Very fast counter in VirtexII

Marty Ryba · Feb 21, 2009

Hi gang,

I have an idea for a tweak of my FPGA design that involves essentially
building a time interval counter. I found that there are some IP cores out
there that get as much as 100ps resolution, but before I go that route I
want to experiment with something "free" first, especially since I don't
need any bells and whistles like embedded bus protocols or programmable
timers. Neither of the signals I want to time between are synchronous with
my main clock, so I'm thinking of generating a new DCM just for this purpose
(I think I have a few left in my XC2V6000-5). Otherwise my fastest clock is
either 133 MHz or maybe 204.8 MHz coming from an outside clock chip (I might
be able to goose it to 409.6 MHz).

My question is there any good "how to" on writing a counter so that it runs
at a maximum clock rate for my chip? I perused the Xilinx site, and there
were some very old articles on fast counters in antique chip architectures;
they provide OrCAD macros(?); not even VHDL.

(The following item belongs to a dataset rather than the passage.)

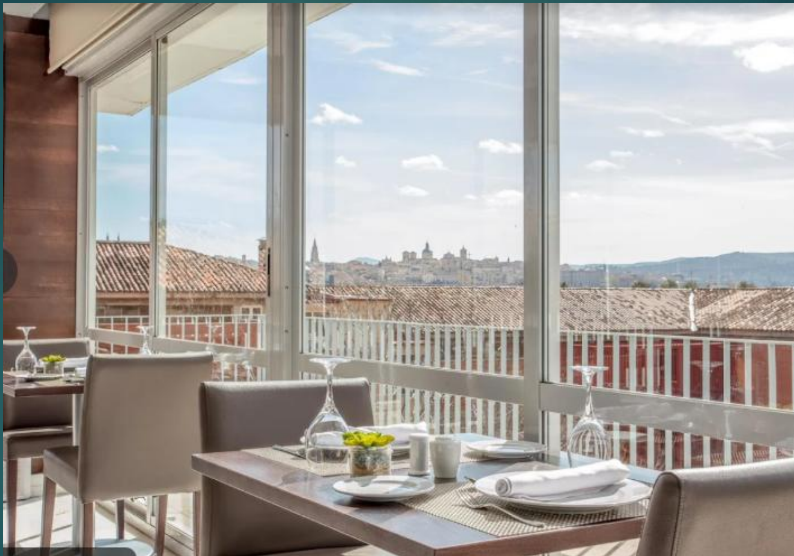
トレドの旧市街が見える

So, do I just naively code the counter and pray that synthesis does the
right things (I don't need a huge number of bits; my maximum time interval
is maybe 80 ns), or are there some tricks needed to get optimum clock speed
(what could I rationally expect in this FPGA?)?

Thanks for your help,

Marty

Allan Herriman · Feb 21, 2009

Hi gang,

I have an idea for a tweak of my FPGA design that involves
essentially
building a time interval counter. I found that there are some IP cores
out there that get as much as 100ps resolution, but before I go that
route I want to experiment with something "free" first, especially
since I don't need any bells and whistles like embedded bus protocols
or programmable timers. Neither of the signals I want to time between
are synchronous with my main clock, so I'm thinking of generating a
new DCM just for this purpose (I think I have a few left in my
XC2V6000-5). Otherwise my fastest clock is either 133 MHz or maybe
204.8 MHz coming from an outside clock chip (I might be able to goose
it to 409.6 MHz).

My question is there any good "how to" on writing a counter so that it
runs at a maximum clock rate for my chip? I perused the Xilinx site,
and there were some very old articles on fast counters in antique chip
architectures; they provide OrCAD macros(?); not even VHDL.

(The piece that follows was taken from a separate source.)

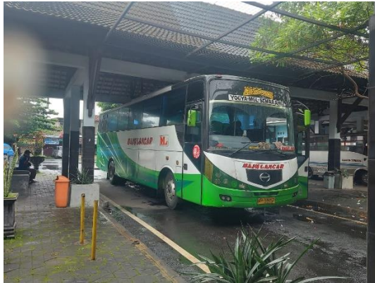
Foto bus antar kota Yogyakarta - Magelang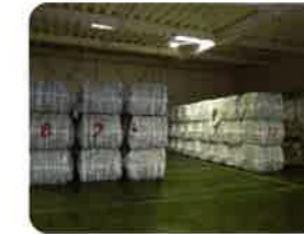
ペール品ストックヤード

So, do I just naively code the counter and pray that synthesis does
the right things (I don't need a huge number of bits; my maximum time
interval is maybe 80 ns), or are there some tricks needed to get
optimum clock speed (what could I rationally expect in this FPGA?)?

The "naive counter" has no chance of giving you a resolution of better
than a ns with current FPGA technology.

I'm guessing that most of the IP cores that achieve better than 1ns
resolution do so by using a wider bus at a lower clock rate, e.g. a 100
bit bus at 100MHz. You use logic to locate the bit position on the bus
where a transition occurs. Each bit position in this contrived example
represents 100ps, and each word represents 10ns.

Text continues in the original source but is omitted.